Sunday, September 20, 2015

Life is all about choices....

Good morning ladies and gentlemen seriously!  Seems that fall is starting around Chicago and boy has it been beautiful outside the last few weeks.  It kind of makes up for the fact that I was supposed to be in Africa right now on vacation.  BUT never fear, the trip has been re-scheduled for next year.  And I am now in the process of planning my trip to Fiji for April.

So in the last few weeks I have been thinking about choices in life.  And more specifically, life choices that we all make...having kids, being single, getting married, getting a divorce, living in the city, living the burbs, our job, etc.  And there seems to be some judgey judgey going on with people in regards to life choices.  Let's be clear, we do live in America and women and men are generally free to make their own choices and decisions.  I think it is fair to assume that each person's or family's decisions are made on what it is believed to be best for the person or the family.  If you are a person that chooses to get married, live in the suburbs, have a child and be a stay at home parent, I don't judge.  It would not be my choice, but that doesn't matter, we all need to respect each other.

And I guess the place were I start to get upset and things turn NOT classy is when people assume that their life is more fulfilled or better than someone else's based on their choices.  For example, please don't assume that your life is more fulfilled than mine because you have a husband and a child.  I am quite fulfilled and happy with my single dog parent life in the city.  Would I like to have a date...sure!  but that doesn't mean I am not fulfilled.

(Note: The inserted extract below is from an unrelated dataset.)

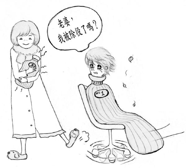 原本只是念著懷舊而買下它,但後來我每天想到就抱著它,當然它不再是個冰枕,而是個灌滿熱水的暖枕。以前鑽進冰冰的被窩時,總會「吆喝」Joe這個生物性暖爐前來,才能安穩入睡;現在,他終於不需要自己來暖被,只要派出他的「細漢仔」就可以了。
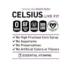 CELSIUS. Live Fit. A uniquely blended formula with healthy energy and key vitamins make CELSIUS an ideal pre-workout drink. It’s low in sodium and contains zero sugar, no aspartame, and no artificial flavors, colors, or preservatives. CELSIUS energy drinks are also Certified Vegan, Kosher, and non-GMO. Its proprietary formula contains green tea extract and EGCG. It also includes guarana seed extract, ginger root for flavor and digestion, vitamin C to support your immune system, vitamin B for energy production, and chromium to help control hunger. Boost your energy and enjoy the refreshing taste of grape with CELSIUS Sparkling Grape Rush Fitness Drink! It’s carbonated and has the perfect balance of flavor and energy that serves as an awesome pick-me-up for active lifestyles. CELSIUS is available in 12 oz. slim cans and sold in a 12-pack for convenience.

So ladies and gentlemen seriously, can we all just be classy and respect one another's choices?  Don't try to change me, don't try to tell me, I will meet someone soon and then I will want to have children.  And on the other side of things, if a couple is married and chooses not to have children, that is their choice, you don't need to try to convince them that they will want children.  OR if a family chooses to live in the city and have their kids go to school in the city, don't try to convince them their life would be better in the suburbs.  These are all choices, respect them and move on.

On a side note, apparently the dating gods read my last blog post and I am happy to say that a very lovely, normal adult man did ask me on a date.  I met him online on Thursday and we went out yesterday.  We had a great time.  So hopefully more to come on that.

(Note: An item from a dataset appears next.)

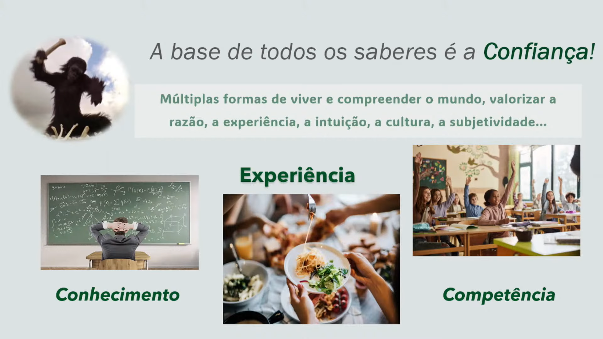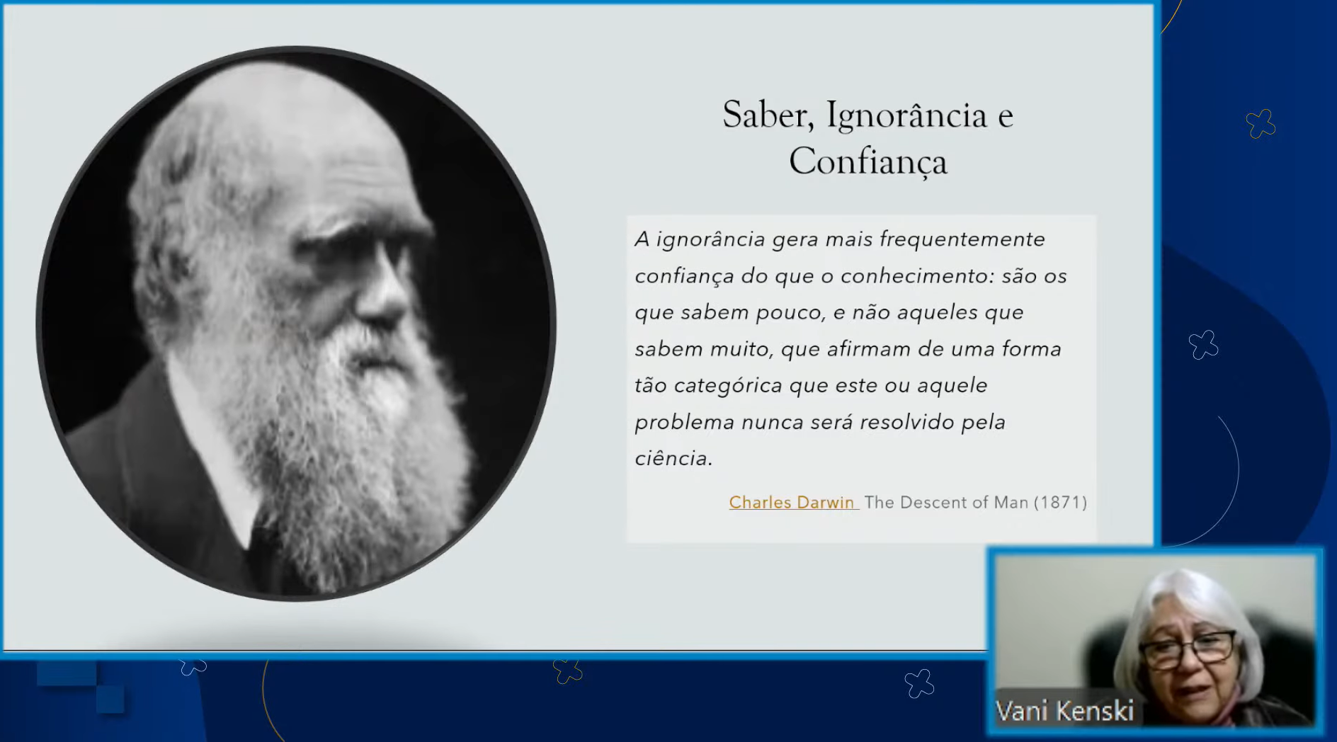Um dos conceitos centrais abordados foi o de ecologia dos saberes, que defende o diálogo entre diferentes formas de conhecimento, seja científico, ancestral, popular, artístico, digital e cotidiano. Para Vani, é nesse encontro que reside o potencial emancipador da educação. Além disso, a confiança também é importante como base do saber, “aquilo que sabemos, confiamos. E o que confiamos, incorporamos como parte da nossa existência”. No entanto, alertou para o perigo da falsa certeza, usando o Efeito Dunning-Kruger como exemplo de como o excesso de autoconfiança pode camuflar a ignorância.

Keep your heels, chin and standards high
BONSOIR, CHEERS AND CIAO BELLAS!

Monday, September 7, 2015

Gentlemen Seriously....Time to step up

Good afternoon ladies and gentlemen.  Happy Labor Day, hope you are enjoying your holiday.  It is HOT in Chi this weekend, so I have mostly been indoors.  I have been having fun with friends and family.  And on Saturday, I had an opportunity to see the Australia Wallabies play the USA Eagles in a rugby match at Solider Field.  My awesome boss invited me to a suite to watch the game.  Lots of fun.

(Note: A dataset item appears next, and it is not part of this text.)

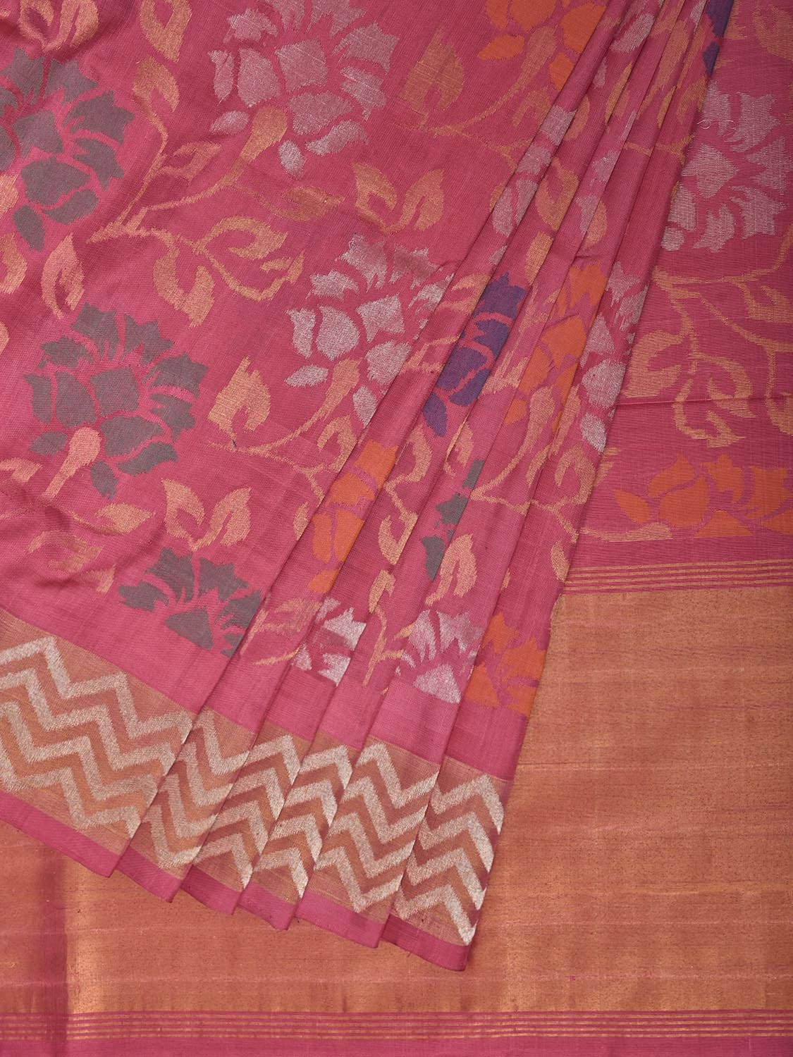 Light Pink Uppada Silk Handloom Saree with All Over Floral and Zig-Zag Border Design. Uppada sarees are known for light weight sarees with jamdani weaving technique. With so many traditional designs it is considered for the very special occasion wear. We advice dry clean for fabric care.

So this classy, fun lady is in a major dry spell on the dating front.  Yep, it's been about a year since I have had a date or even someone of interest, honestly.  And yes, I play on tinder, but let's face it, that isn't dating in the real world, it is just like spinning the wheel for fun.  And yes, lots of my friends tell me to get on match, eHarmony....blah, blah....Feels so forced and unnatural, I hate it.

In this day and age of social media and online EVERYTHING, dating has basically become non-existent.  Gentlemen seriously, texting and messaging is not dating.  I understand how chatting online to get to know someone is all FINE, but eventually you do have to have in person conversation.  I mean, am I supposed to swoon because you sent me a smiley face emoticon?  How about asking for a meeting for a coffee, drink or food?  I can't tell you how many times, I have to wait for the guy to actually suggest that we get together.  Gentlemen, what is it?  How are hard is it?

And yes, I know, the ladies can ask the guy out and there is no shame in that.  However, here is what has happened, gentlemen, you are generally lazy and will take the path of least resistance...sorry to say.  And ladies, we feel empowered and so we get tired of waiting for the guys to ask us, so we just ask them and pursue them.  And unfortunately, for a traditional, nice Nebraska girl like me, I end up waiting forever for my prince charming to ask me out because he is too busy dating the ladies that are willing to do all the work.

And many times, you don't even end up dating.....you end up getting drinks and going back to his house, because let's face it, if they guy doesn't have to take you out.  I mean I went out with this guy who literally took me out twice and then every other time only wanted to get take out and watch a movie.  I mean that's all well and good after you have been seeing each other for a while.  But we live in CHICAGO, one of the best cities in the world....let's have some fun going out for a while.  And it's not about the money and who buys what (I am fine sharing that), it's about the experience.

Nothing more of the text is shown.